There’s also a web version: it offers the option of a custom mailbox you can forward emails to, the way services like Mailparser work. The web version doesn’t quite compare well to some of the other apps here, but it’s nice to have the option—particularly if you prefer the more detailed approach to creating rules offered by Email Parser.

Email Parser pricing: Web app for $24/month; Windows app for $79/year.

Best email parser for advanced users and processing attached documents

Parseur (Web)

Parseur, our pick for the best email parser for advanced users and processing attached documents

Parseur is, in many ways, an upgrade pick to Mailparser. It’s just as easy to use, has an even nicer UI, and even stands out in one key way: the sheer number of attachment file formats it can scrape. If you get a lot of receipts that are (inexplicably) sent as word processor documents, this is the tool you need to try. Parseur can extract data from every file type that Mailparser can, but it also supports word processing formats like DOCX, ODT, RTF, Apple Pages, and even WordPerfect (for some reason). 

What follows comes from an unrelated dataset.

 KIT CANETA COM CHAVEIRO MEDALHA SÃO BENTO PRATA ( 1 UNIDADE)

And there are a few other things here not offered by similar tools. There’s post-processing support, for example, using Python scripts (at a higher price point). A Chrome extension allows you to parse websites, in addition to emails. And there are templates for processing emails from common services, including Google Alerts, job listings, property bookings, and food orders.

You can integrate Parseur with Zapier, allowing you to send scraped data from your email to thousands of apps. You could, for example, create Google Calendar events or Mailchimp subscribers, automatically, when new emails come in. 

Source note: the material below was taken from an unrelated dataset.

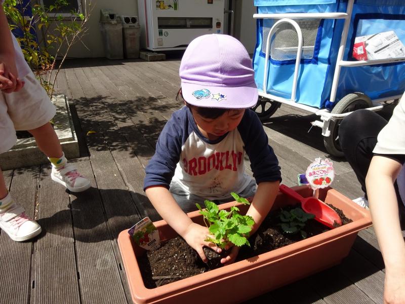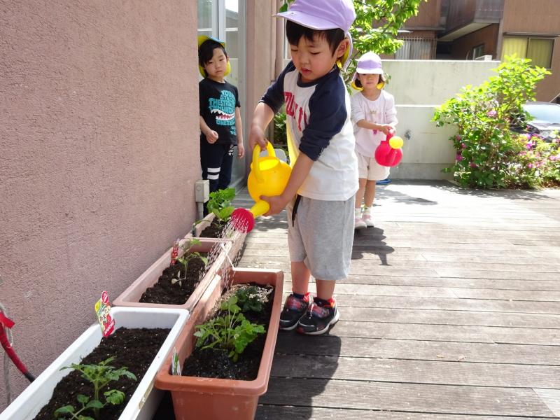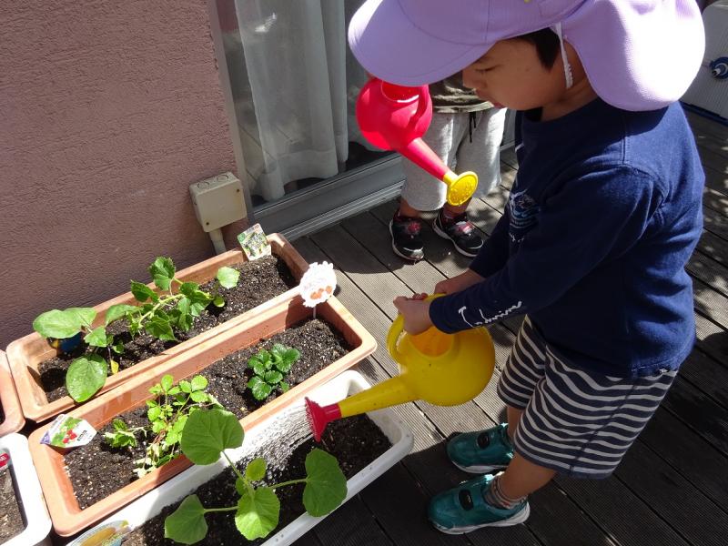 「大きくなるかな」「楽しみだね」と友だち同士で話をして、成長を楽しみにしています。

The downside: Parseur is more expensive than the alternatives, especially for lower volumes of email processing. That might be worthwhile, depending on your needs, so try Parseur out before you decide on a service. Don’t let the pseudo-French name turn you off entirely. 

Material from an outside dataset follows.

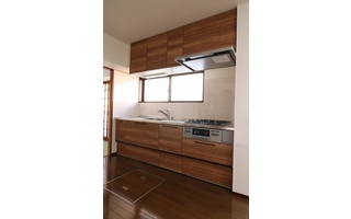 単体キッチンからシステムキッチンへの交換、今流行りの木目感のしっかりでる色を提案しました。

Parseur pricing: Free for 20 documents a month; from $99/month for the Starter plan with up to 1,000 documents/month

Best email parser for automatically scraping email signatures

SigParser (Web)

SigParser, our pick for the best email parser for automatically scraping email signatures

SigParser is the most specialized of all the tools here: it focuses exclusively on the contact information in emails and email signatures. But think about the value in that—most emails have signatures, meaning there’s all sorts of contact information in your inbox that you never even think about. 

You could copy and paste that contact information into your address book or CRM of choice, but with SigParser, you don’t have to. The free version of SigParser reviews the most recent 90 days of your emails—you can pay a one-off fee to go back further. Or you can sign up for a monthly subscription, and the app will scan new emails as they come in, meaning all of the contact information in your inbox is automatically grabbed. You can then send this info to your CRM, address book, or anywhere else it might come in handy.

You could, in theory, use any of the tools here to scrape contact information, but it would take some work. Contact information can be presented in an email in lots of different ways, and everyone’s email signature is a little bit different—simple rules just aren’t enough to consistently parse it. This app is made for one job, and in my tests, it did an admirable job pulling contact information from a variety of different emails and signatures. It may seem like a simple thing, but it’s potentially game-changing if your business depends on following up with possible customers.

You can also integrate SigParser with Zapier, allowing you to send scraped contact information to thousands of apps, including Mailchimp and Constant Contact. 

SigParser pricing: Free to process the last 90 days of your emails. From $19/month (billed annually) for the Individual plan, which processes emails daily.